The = operator is used for assignment and reassignment.

Note that you can declare a (mutable) variable without assigning anything to it. With the exception of ref and ptr values, it has a default value depending on the type: more on nil/notnil later.

statements vs. expressions

conditional assignment

more on indentation

comments

Comments are prefixed with the pound sign #.

Documentation comments are prefixed with ##. Common convention (and the one used by nim doc) is to put documentation comments directly beneath function signatures or type declarations.

Multiline comments are made with #[ ... ]# and can be nested.

imports and includes

logic and operations

Control Flow

[skip]

if / elif / else

when / else

when statements are statically (compile-time) evaluated if statements. The else keyword can be used with them.

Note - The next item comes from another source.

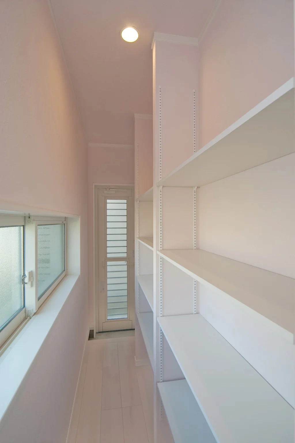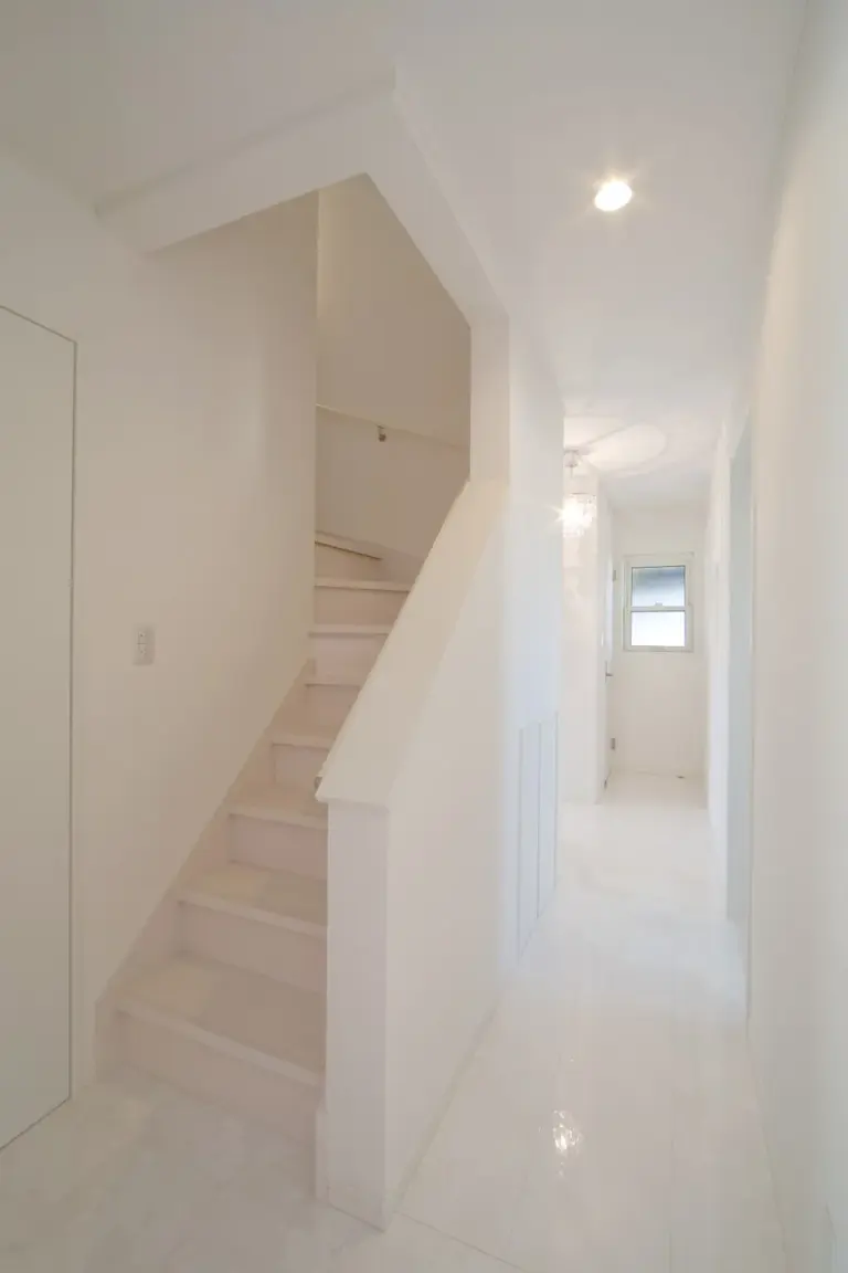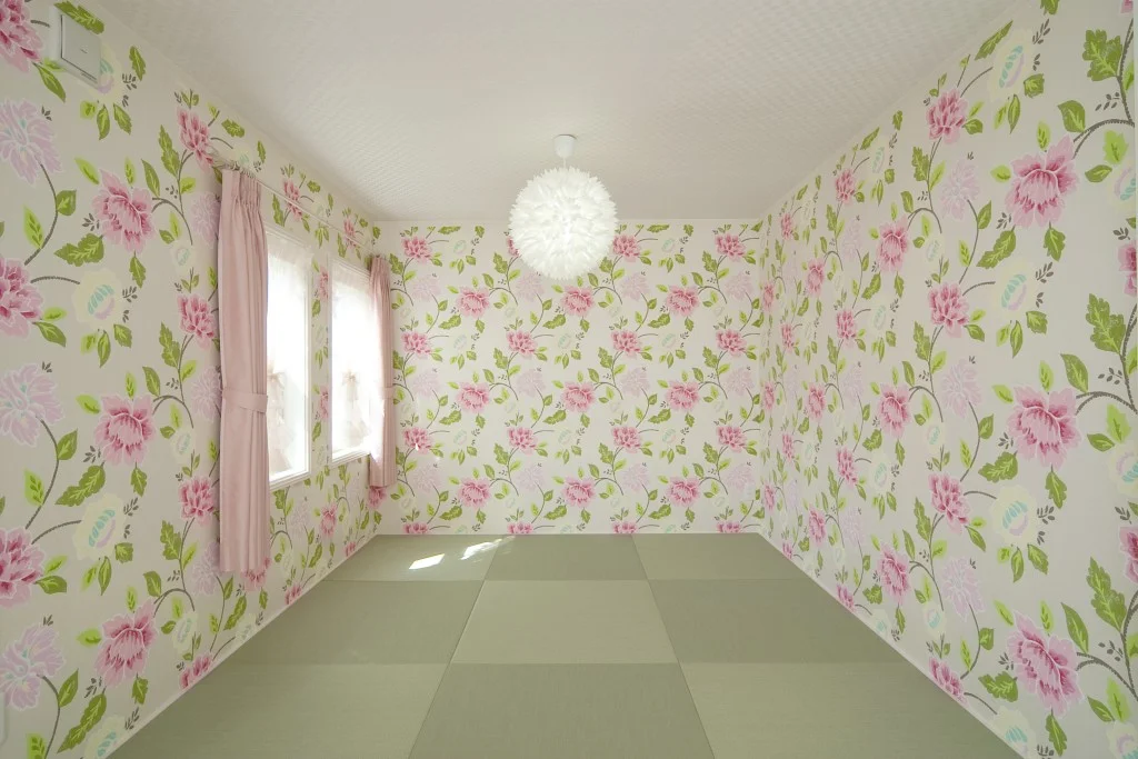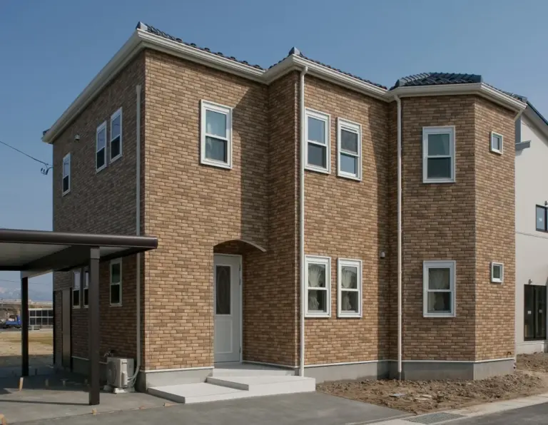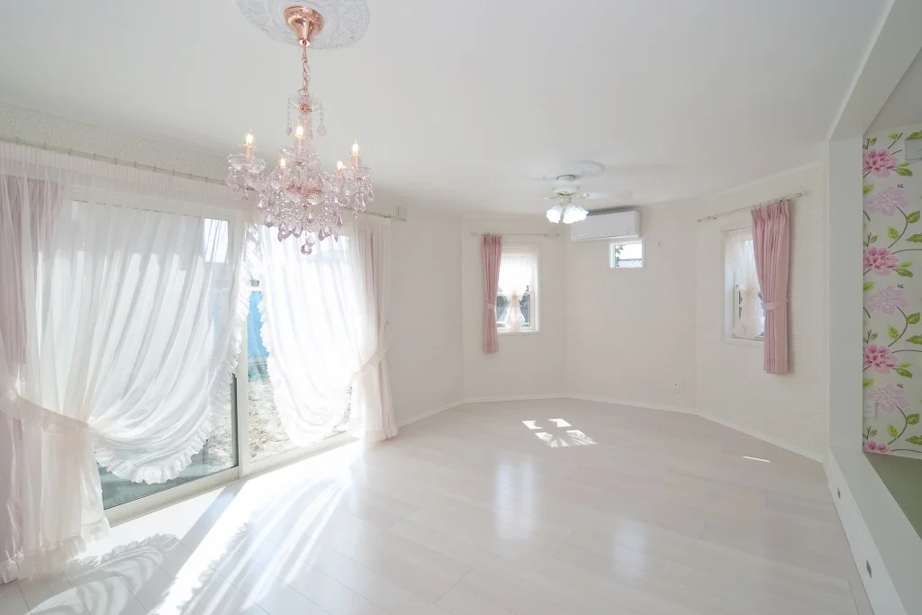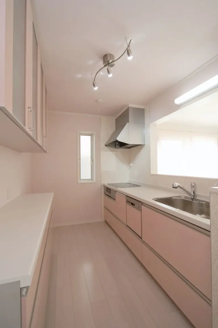 タイル調の外壁が、重厚感と高級感の漂う素敵な住まい。 室内は外観とは異なり、ホワイトを基調とし明るさと開放感を演出。 ピンクのキッチンがアクセントカラーとなり、空間に可愛さをプラスします。 アーチ状の下がり壁を多用することで、アンティーク感も備えました。

While there’s not much else to say about when statements themselves: the kinds of conditions they evaluate can be very helpful to see examples of.

when defined(macos):
when defined(js):

# check if the file is compiled with `-d:release`
when not defined(release):
  # do some debug code here

# check if some code compiles with no errors
when compiles(3 + 4):
  # the `+` operation is defined for integers

# check whether a library provides a certain feature
when not declared(strutils.toUpper):
  # let's provide our own, then

case / of

The case statement allows for basic compiler-checked pattern matching. A case statement must handle all possibilities.

var x = stdin.readChar()
case x
of 'a'..'z', 'A'..'Z':
  echo "A letter!"
of '0'..'9':
  echo "A number!"
else:
  echo "Something else!"

Idiomatic Nim does not put a colon after the case parameter, nor indents the of blocks. Both of those are, however, valid Nim. (This may change in the future).

for / in

todo

while

todo

block / break / continue

todo

try / finally / except / raise

todo

Type System

[skip]

Nim has a static (ie. compile-time evaluated) and comprehensive type system.

basic types

ints

floats

chars

bools

strings

object types

object variants

By combining the case statement with Nim’s object types, it is possible to create what are known as object variants. Object variants can have different fields depending on the value of the matched field. These are also known by a wide variety of other names: including variant types, tagged unions, and discriminated unions.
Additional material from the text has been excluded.